The Origins of the Necessary and Proper Clause. Gary Lawson, Geoffrey P. Miller, Robert G. Natelson, and Guy I. Seidman. Cambridge, 2010. Pp vii, 176.

Talk is cheap. Calling yourself the king of France will not replace the Fifth Republic with a monarchy. Americans love to talk about, extol, and announce their attachment to their Constitution. What, if anything, they mean by all of that is an important question.

On the second day of the current session of Congress, members of the House of Representatives went beyond talking about the Constitution and actually read most of it. One day earlier, the House amended its rules to reflect a fundamental principle of the Constitution: enumerated federal power. House bills must now include a statement of the constitutional powers on which they rest. 

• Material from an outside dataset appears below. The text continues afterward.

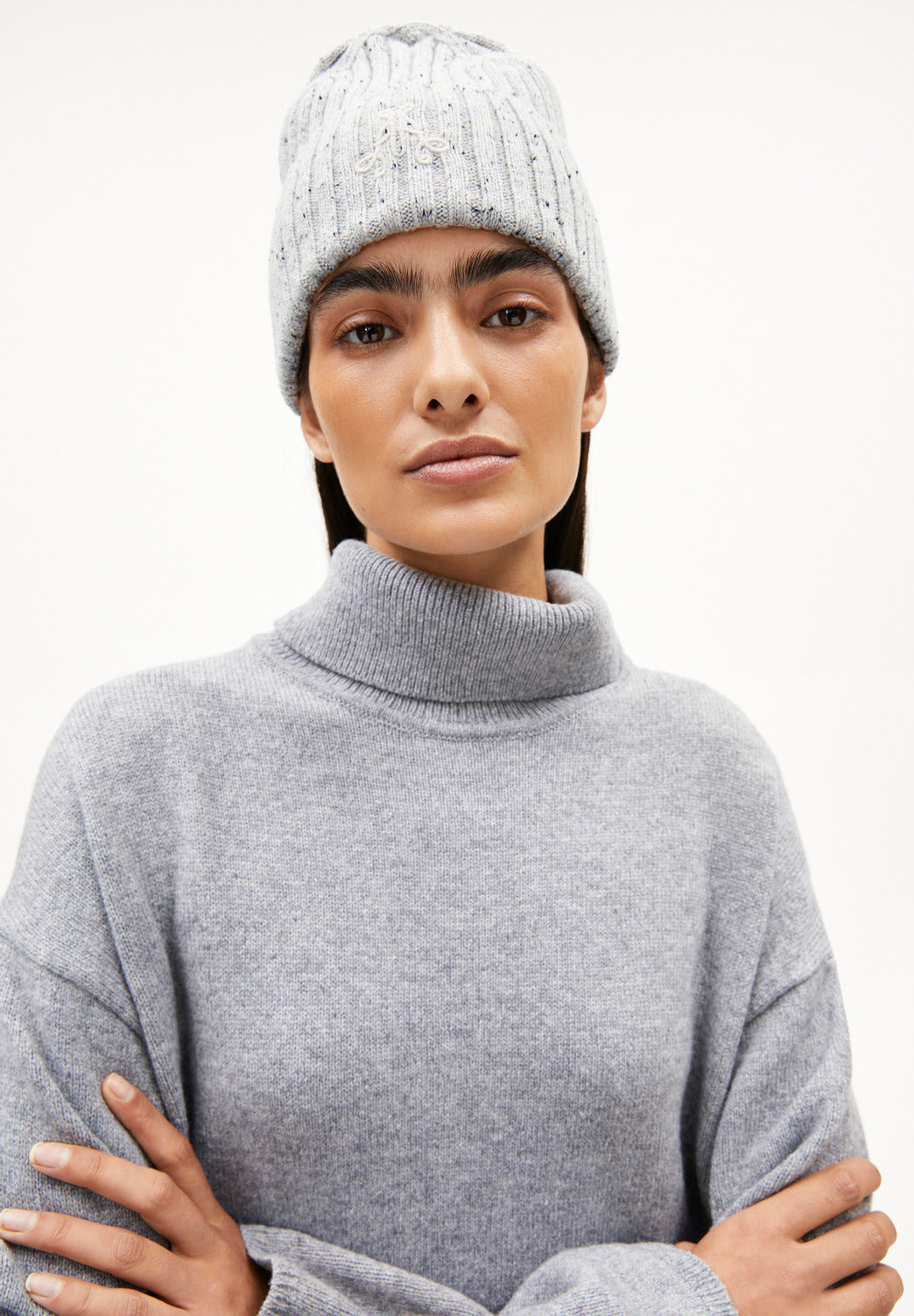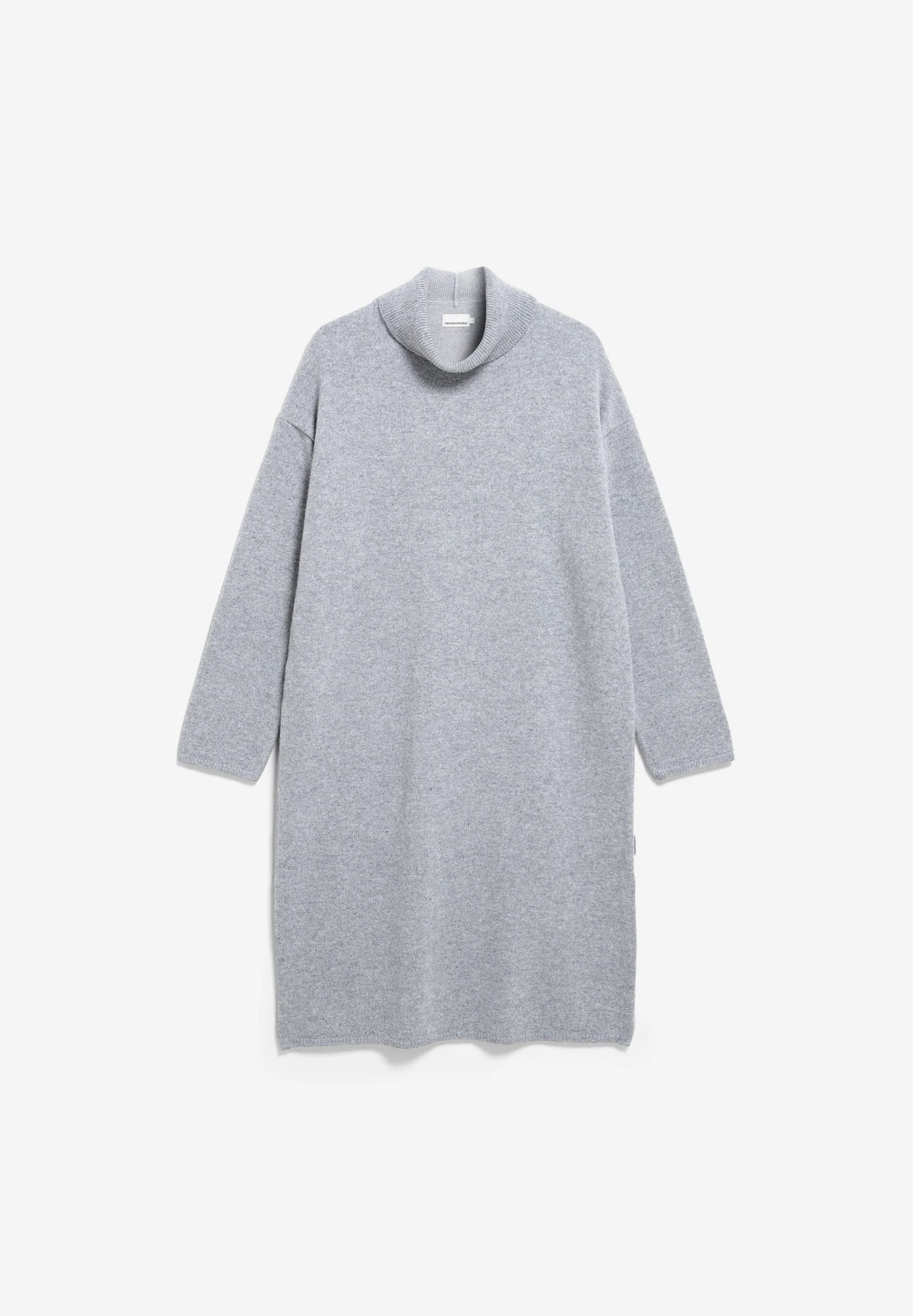 The ARADIAA knit dress with turtleneck features a wide, comfortable fit and ends just below the knee. A side slit adds extra freedom of movement and a modern silhouette. Made from organic and recycled wool.
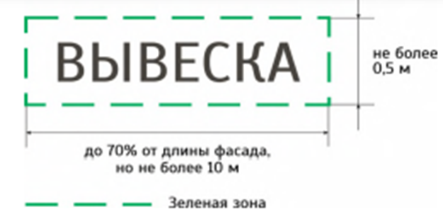 ЗЕЛЕНАЯ ЗОНА — это область фасада здания, на которой разрешена установка вывесок. Конкретное расположение и максимальная площадь зеленой зоны зависит от типа и параметров архитектурного элемента фасада, на котором предполагается установка.

These statements may turn out to be repetitive and little more than cheap talk. Many of the statements likely will invoke Congress’s taxing power, about which there can be no question. Many of them likely will invoke a purported power to spend government money for the common defense and general welfare, though the existence of such a power is denied by a tradition going back to James Madison. And many—probably most, possibly all—will invoke the Necessary and Proper Clause of Article I, § 8. These statements raise the question whether much of the federal government’s substantive legislation is based on an unduly broad reading of that clause and therefore inconsistent with the Constitution. The Origins of the Necessary and Proper Clause casts new light on that question.